Dante Bobadilla

Dante Bobadilla

El rollo progre de los problemas sociales

El rollo progre de los problemas sociales
Dante Bobadilla
13 de abril del 2017

Lo social es el tema favorito de la clase parásita intelectual progresista

Como buen país subdesarrollado, vivimos discutiendo temas gaseosos y cursis, dejando de lado los problemas reales. Malgastamos tiempo en debates ociosos y poses en torno a los consabidos “problemas sociales”, empeñados en la vieja utopía progresista de la sociedad perfecta diseñada y controlada por el Estado. Además de políticos, tenemos intelectuales de izquierda expertos en esta clase de humo. Para ellos lo único importante son los “problemas sociales”. Hay muchos, pero la mayoría son imposiciones hechas por el establishment progresista internacional.

¿Qué cosa es un problema social? Son condiciones que surgen en la sociedad por su propia dinámica y realidad, impulsadas por razones históricas, culturales, étnicas, sociales, demográficas, antropológicas, geográficas, etc. Existen en toda sociedad pues así es como siempre ha subsistido la especie humana. Ningún escenario está libre de problemas, pero también hay muchos “problemas” que solo se sustentan en construcciones teóricas. La pregunta clave es si tiene algún sentido hacer de estos problemas un tema político. Y la respuesta definitiva es no, porque los problemas sociales están fuera del alcance del accionar político. Jamás el Estado ha logrado un cambio social con intervención directa. No existe tal posibilidad. No obstante, la obsesión progre es convertir al Estado en “agente del cambio social”, mediante leyes bobas repletas de retórica cursi y onerosas políticas públicas que no sirven para nada.

El gesto predilecto del político mediocre es la “sensibilidad social”, el interés por los problemas sociales y ganar votos mediante el altruismo con dinero público. Lo llamaron con pompa “inclusión social”. Ahora ya tiene rango de política pública, ministerio y presupuesto. Lo social es el tema favorito de la clase parásita intelectual progresista, dedicada a estos estudios desde ONG nacionales e internacionales. Son muy buenos para la cháchara sobre problemas sociales, inventar etiquetas cursis y diseñar políticas públicas destinadas a “sectores vulnerables”. Están empeñados en pervertir la legislación con estas intenciones, incorporando palabrejas de moda como “género”.

No olvidemos que la estrategia de la izquierda es utilizar todas las causas sociales como plataforma política. Ellos utilizan los problemas sociales básicamente para atizar la conflictividad social porque esa es parte de su enferma doctrina. De un siglo a otro han pasado de desarrollar la guerra popular a promover los conflictos sociales. En esta tarea van desde la inocencia del feminismo y la causa pro gay, hasta el ecocomunismo antiminero y la movilización indígena. Es un amplio abanico. Todo vale.

Las leyes elaboradas con cháchara social, y sustentadas con verbos gaseosos como “fortalecer” o “promover” son totalmente inútiles. Hay fracasos portentosos en este tipo de leyes, como la descentralización, los partidos, anti bullying, anti feminicidio, etc. Y también tenemos una plaga de inútiles organismos públicos dedicados a problemas sociales que van desde ministerios a oficinas costosas, donde nadie sabe a qué se dedican, salvo la propaganda y el activismo. Más de medio Estado se dedica a eso.
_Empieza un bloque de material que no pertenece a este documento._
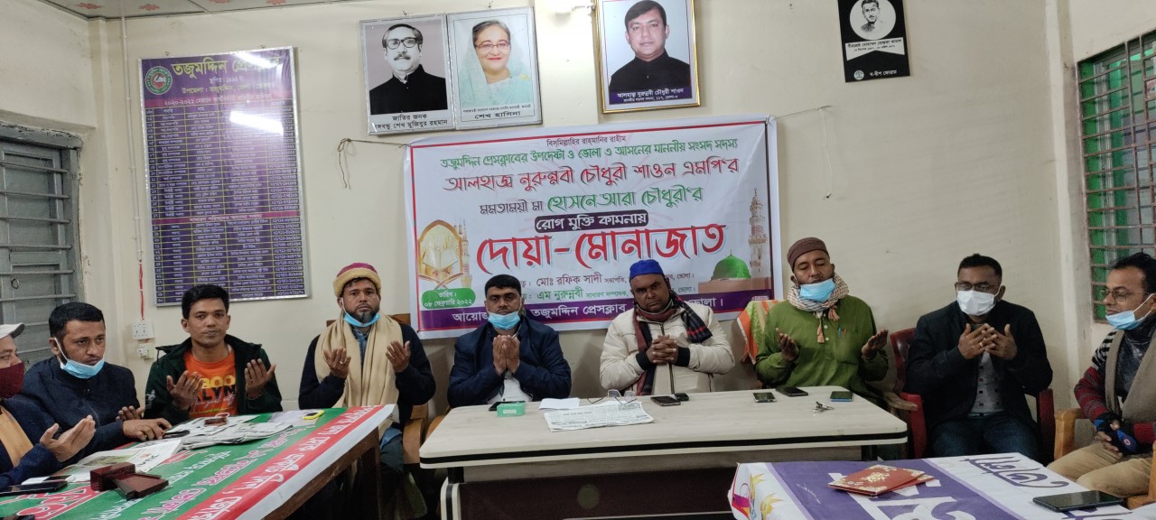 তজুমদ্দিন প্রতিনিধি : ভোলা- ৩ আসনের সংসদ সদস্য আলহাজ্ব নুরুন্নবী চৌধুরী শাওন এর মাতা হোসনেয়ারা চৌধুরীর আশু রোগ মুক্তি কামনা করে দোয়া ও মোনাজাত অনুষ্ঠিত হয়েছে। তজুমদ্দিন প্রেসক্লাবের আয়োজনে মঙ্গলবার মাগরিব বাদ প্রেসক্লাব সভাপতি রফিক সাদীর সভাপতিত্বে হলরুমে দোয়া ও মুনাজাত পরিচালনা করেন প্রেসক্লাবের সাবেক সভাপতি মাওলানা আবদুল জলিল। এসময় উপস্থিত ছিলেন চাঁদপুর ইউপি চেয়ারম্যান শহিদুল্যাহ কিরন, প্রেসক্লাবের সাবেক সভাপতি অধ্যক্ষ হেলাল উদ্দিন সুমন, সাধারণ স¤পাদক এম নূরন্নবী, সহ-সভাপতি মোঃ ফারুক, শরীফ আল-আমিন, সাংগঠনিক স¤পাদক সেলিম রেজা, এম এ হালিম, যুগ্ন সাধারণ স¤পাদক মনির নয়ন, প্রচার ও দপ্তর স¤পাদক মোঃ মোশারেফ, সাবেক সাধারণ স¤পাদক তরুন দাস, সদস্য সাদির হোসেন রাহিম, ফারহানুর রহমান সময়, মোঃ মামুন, রুবেল চক্রবর্তী, ইলিয়াস সানি, মোঃ শাকিব প্রমুখ।

Hoy están de moda los “crímenes de odio”. Otro temita impuesto desde afuera. Tratan de convencernos de que tal cosa existe acá. Es decir, que vivimos asesinando mujeres por ser mujeres y gays por ser gays, lo cual es falso. Que saquen unos casos en diez años no significa que sea un problema social. La delincuencia existe y puede escoger cualquier víctima. Más muertos hay por accidentes de tránsito y nadie hace nada al respecto. Hoy pretenden modificar el Código Penal para “proteger” a estos “sectores vulnerables” (así los han declarado). ¿Cómo? Aumentando las penas por estos homicidios en particular. ¿Y cómo es que eso puede proteger a alguien? No hay forma. Solo es propaganda, histeria y clientelismo. Usando ese criterio deberían aumentan las penas a los choferes para “proteger” a las víctimas de atropello. Todo es tan burdo, delirante y absurdo que da vergüenza leer esos adefesios legales.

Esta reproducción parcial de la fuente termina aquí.